Tom Jarvis, long used to accept the harsh separation of the races as natural, comes to a stunning discovery - his son's posthumous condemnation of the social system of South Africa as one to abhor as it breeds crime and hatred. The discovery of this side to his son leads him to slowly find a bridge uniting him with Rev. Kumalo, as they both find the system destroy their boys.

One has to see the film to understand this bridging of the the lives of the fathers (ironically neighbors who rarely knew each other or each other's families in the "normal" period). One also sees the warning that Paton instilled in his readers: Rev. Msimangu's fear that when the White race finally turns to love the Black race will only accept hate.

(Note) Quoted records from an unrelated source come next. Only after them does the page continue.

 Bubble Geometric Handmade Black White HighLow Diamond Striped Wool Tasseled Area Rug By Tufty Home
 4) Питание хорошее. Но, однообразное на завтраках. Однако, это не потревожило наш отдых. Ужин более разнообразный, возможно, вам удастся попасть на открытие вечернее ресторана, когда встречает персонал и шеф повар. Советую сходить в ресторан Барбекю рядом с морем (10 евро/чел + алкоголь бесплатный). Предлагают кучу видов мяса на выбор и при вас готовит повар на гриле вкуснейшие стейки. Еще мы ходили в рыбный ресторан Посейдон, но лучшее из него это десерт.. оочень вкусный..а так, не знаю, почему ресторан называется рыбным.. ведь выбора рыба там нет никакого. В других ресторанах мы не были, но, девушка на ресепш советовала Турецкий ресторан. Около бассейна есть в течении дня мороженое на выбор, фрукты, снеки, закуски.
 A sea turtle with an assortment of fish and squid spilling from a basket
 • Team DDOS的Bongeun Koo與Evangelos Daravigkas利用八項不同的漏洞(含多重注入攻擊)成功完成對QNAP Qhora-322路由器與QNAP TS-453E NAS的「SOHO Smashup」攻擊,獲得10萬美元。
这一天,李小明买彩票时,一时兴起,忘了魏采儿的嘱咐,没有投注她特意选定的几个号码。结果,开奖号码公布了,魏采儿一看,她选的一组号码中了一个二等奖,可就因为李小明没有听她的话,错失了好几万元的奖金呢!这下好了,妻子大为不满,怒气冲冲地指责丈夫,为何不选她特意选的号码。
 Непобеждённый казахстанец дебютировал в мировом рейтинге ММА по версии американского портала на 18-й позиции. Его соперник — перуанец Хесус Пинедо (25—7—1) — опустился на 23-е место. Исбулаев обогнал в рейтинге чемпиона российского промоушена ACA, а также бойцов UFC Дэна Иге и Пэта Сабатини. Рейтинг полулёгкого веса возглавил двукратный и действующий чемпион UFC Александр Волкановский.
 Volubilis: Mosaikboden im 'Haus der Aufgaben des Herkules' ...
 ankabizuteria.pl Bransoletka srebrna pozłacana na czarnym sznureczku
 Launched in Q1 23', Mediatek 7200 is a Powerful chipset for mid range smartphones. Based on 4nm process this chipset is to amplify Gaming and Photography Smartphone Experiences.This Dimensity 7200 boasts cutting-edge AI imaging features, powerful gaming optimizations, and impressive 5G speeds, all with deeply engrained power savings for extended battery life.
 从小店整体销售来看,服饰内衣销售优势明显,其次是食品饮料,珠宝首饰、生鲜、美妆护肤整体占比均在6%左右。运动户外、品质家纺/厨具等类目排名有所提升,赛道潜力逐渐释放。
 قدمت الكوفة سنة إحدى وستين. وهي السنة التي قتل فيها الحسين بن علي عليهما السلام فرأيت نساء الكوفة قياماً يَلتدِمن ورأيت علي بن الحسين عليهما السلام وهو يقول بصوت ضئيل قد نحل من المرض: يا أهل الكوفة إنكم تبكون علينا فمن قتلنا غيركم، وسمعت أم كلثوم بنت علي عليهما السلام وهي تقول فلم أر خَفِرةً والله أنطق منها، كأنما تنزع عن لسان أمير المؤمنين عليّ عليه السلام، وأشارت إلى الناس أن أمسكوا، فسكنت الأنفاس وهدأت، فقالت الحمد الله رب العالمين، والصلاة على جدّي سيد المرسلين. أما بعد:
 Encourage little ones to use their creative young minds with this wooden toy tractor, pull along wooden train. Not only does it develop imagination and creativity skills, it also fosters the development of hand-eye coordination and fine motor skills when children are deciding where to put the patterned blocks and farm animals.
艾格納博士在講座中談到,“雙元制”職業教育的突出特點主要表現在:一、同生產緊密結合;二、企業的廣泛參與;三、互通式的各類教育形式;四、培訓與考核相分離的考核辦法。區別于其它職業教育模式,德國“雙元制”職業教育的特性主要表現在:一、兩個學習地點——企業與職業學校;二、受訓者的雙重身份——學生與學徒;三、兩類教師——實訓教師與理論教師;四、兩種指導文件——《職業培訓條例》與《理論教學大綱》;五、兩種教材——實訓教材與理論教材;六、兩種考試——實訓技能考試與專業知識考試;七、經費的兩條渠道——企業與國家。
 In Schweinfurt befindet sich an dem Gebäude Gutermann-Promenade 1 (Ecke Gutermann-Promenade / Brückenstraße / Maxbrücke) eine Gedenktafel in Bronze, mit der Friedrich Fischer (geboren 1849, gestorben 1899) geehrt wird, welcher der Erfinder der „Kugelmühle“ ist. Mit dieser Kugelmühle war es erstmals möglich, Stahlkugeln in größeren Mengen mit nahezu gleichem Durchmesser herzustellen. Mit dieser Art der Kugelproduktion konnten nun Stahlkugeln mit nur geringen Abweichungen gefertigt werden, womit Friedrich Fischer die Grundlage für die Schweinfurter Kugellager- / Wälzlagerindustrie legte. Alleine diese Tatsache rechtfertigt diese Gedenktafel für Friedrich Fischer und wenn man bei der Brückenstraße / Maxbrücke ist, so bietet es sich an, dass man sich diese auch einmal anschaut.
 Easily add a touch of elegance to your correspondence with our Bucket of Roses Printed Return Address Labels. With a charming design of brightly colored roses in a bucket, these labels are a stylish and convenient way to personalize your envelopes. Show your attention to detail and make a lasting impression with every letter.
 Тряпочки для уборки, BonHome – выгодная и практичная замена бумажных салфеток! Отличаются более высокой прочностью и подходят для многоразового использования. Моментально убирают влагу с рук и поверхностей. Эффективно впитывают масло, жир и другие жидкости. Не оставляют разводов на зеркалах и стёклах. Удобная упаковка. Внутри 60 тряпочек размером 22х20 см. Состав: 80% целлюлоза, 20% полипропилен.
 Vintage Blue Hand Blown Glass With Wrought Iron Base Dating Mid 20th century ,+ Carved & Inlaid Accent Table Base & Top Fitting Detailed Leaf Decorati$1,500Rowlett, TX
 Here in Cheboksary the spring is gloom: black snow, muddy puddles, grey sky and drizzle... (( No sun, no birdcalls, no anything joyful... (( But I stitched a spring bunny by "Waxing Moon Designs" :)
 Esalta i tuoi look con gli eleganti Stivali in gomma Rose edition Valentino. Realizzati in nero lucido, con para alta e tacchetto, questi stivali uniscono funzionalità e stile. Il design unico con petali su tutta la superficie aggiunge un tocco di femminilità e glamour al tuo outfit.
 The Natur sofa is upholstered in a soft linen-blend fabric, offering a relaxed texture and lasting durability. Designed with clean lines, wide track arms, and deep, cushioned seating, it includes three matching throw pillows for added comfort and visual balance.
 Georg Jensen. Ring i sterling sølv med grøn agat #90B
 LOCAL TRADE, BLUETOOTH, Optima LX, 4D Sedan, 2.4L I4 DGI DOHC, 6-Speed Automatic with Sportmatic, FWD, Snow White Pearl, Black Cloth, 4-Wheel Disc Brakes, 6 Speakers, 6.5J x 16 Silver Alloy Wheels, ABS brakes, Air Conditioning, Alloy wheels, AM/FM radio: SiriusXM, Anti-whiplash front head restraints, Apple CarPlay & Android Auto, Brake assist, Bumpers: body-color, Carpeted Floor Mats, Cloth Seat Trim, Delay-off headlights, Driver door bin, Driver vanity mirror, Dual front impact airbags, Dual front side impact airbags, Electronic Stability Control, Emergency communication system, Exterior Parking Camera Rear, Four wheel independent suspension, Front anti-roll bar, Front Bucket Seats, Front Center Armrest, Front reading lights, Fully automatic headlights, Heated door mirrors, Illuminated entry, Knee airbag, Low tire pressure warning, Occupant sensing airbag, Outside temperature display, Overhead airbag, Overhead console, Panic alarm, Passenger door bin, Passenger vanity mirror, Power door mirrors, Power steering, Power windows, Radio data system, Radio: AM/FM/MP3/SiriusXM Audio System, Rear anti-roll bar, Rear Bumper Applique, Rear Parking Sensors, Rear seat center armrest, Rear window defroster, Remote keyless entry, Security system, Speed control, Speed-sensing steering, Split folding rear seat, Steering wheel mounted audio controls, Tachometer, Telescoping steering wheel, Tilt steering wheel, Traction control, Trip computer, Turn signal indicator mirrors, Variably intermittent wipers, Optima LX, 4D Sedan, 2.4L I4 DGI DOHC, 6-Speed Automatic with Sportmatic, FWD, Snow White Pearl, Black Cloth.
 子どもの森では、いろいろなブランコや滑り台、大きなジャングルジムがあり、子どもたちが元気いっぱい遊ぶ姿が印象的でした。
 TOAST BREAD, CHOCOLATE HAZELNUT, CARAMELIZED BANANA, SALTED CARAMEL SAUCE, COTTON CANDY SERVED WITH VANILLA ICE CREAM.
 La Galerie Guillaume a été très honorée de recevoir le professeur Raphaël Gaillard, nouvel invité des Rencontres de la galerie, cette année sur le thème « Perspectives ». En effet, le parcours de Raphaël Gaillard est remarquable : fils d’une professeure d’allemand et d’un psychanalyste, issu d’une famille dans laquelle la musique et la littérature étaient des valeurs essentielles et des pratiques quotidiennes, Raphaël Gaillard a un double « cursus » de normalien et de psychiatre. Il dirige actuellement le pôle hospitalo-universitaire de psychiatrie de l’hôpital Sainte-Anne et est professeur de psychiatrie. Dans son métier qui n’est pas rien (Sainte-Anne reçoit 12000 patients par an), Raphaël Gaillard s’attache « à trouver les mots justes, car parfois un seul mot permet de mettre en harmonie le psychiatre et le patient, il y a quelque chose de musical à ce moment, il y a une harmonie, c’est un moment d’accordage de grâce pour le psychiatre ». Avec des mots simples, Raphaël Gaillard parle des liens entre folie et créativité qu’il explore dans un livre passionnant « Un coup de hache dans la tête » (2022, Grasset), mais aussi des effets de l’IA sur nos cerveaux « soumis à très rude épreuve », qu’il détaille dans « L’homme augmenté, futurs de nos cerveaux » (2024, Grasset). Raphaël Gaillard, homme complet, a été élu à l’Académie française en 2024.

Much is dropped of the four hundred fifty page novel, such as Paton's ritualistic use of descriptions again and again (which can't be translated to film successfully) or plot threads regarding the final break between the Reverend and his brother John, or the Reverend trying to trace other lost children from the town (one is mentioned briefly). But the somberness of the tragedy of Absolom, who with Ian become joint blood sacrifices to a racist state is total. The performances of Jones and Harris are equally effective. Altogether a first rate film version of the novel.